Where do you start when you’re asked to score a new video game set in the Batman universe? How do you write something that sounds original for a franchise with more than 55 years of musical history? Do you channel the energy of Danny Elfman, Hans Zimmer or, dare we say it, Prince? Perhaps the biggest question: what does Gotham sound like when it can no longer rely on Batman to protect it?
These are just some of the questions that Joe Henson and Alexis Smith, AKA The Flight, had to wrap their heads around before they set to work scoring Gotham Knights, an open-world action-RPG set in the five boroughs of Batman’s stomping ground. The Flight have plenty of experience with action games, having worked on 2017’s Horizon: Zero Dawn, 2018’s Assassin’s Creed Odyssey, and 2022’s Horizon: Forbidden West but, for them, superhero stories were uncharted territory.
“It was quite a steep learning curve for us,” Henson explains over video from the duo’s studio in London. “Everyone knows superhero music, but we had to work out what makes superhero music superhero music, and how to make it DC-specific while also working out the sound of Gotham.”
The Flight began by brushing up on their Batman lore, reading and re-watching as much material as possible. Henson grew up reading Batman comics and watching Batman TV shows. But while Gotham Knights features plenty of familiar faces and locations from the Cased Crusader’s universe, it’s an original story based around four of Batman’s former sidekicks, The Knights: Robin, Nightwing, Red Hood and Bat Girl.
“The DC universe has a history of incredible scores and the first meeting out there was intimidating,” Henson says, laughing. “You walk in and there’s this big Warner Bros logo, and then there’s a huge Batman standing at the end of a long table in the meeting room.”
While the opportunity might be intimidating, Smith also saw it as one of the most enticing elements of getting to write music for a game set in the Batman universe; a chance to write a new musical chapter in the series. Because while you can tell the difference between Elfman’s scores based on his iconic five-note melody and the bellowing orchestral blows of Hans Zimmer’s, they’re still largely similar.
“So many people have scored similar sounding things,” Smith says. “We’re never interested in just doing something that sounds like someone else; we want to put The Flight mark on it.
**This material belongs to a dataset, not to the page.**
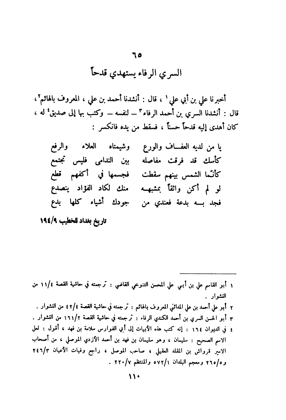 أخبرنا علي بن أبي علي «1» ، قال: أنشدنا أحمد بن علي، المعروف بالهائم «2» ، قال: أنشدنا السري بن أحمد الرفاء «3» - لنفسه- وكتب بها إلى صديق «4» له، كان أهدى إليه قدحا حسنا، فسقط من يده فانكسر:

So, for me, it was more, ‘Can we get our mark onto this when it’s something that everyone knows so well?’ And I think we did in the end.”
There have been plenty of Batman games over the years, from the side-scrolling SNES and Mega Drive titles to Rocksteady’s heavy-hitting, narrative-driven Arkham series. Gotham Knights was already well into production by the time The Flight got involved, which meant they could get hands-on early in their scoring process.
“WB Games had a very specific way they wanted things to sound,” Smith says. “They didn’t want the main parts of [the game] to sound like a Batman film, they wanted it to sound more youthful because it’s the Knights.”
In the game, each of the Knights has distinctive skills and playstyles, as well as their own quirky personalities. The Flight were tasked with bringing all this life through music, ensuring each of the four Knights had their own musical identity. Crucially, though, the unique combat themes written for each of the Knights had to flow seamlessly into and out of the stealth sections they usually proceed.
All of the characters have their own stealth themes that play when you’re sneaking up on an enemy. But as soon as you enter combat, the game’s interactive music system will switch the music over to the combat theme. As you might imagine for a game starring DC’s angsty mini-heroes, these transitions happen quite a lot – and it all needs to sound consistent.
“If [the Knights] didn’t have to have this set link between tempo and energy, it would be very easy to do four completely different sounds – but that’s not what Warner Bros wanted,” says Smith. “They still wanted it to be combat music and that has to fall within a tight tempo and feel.”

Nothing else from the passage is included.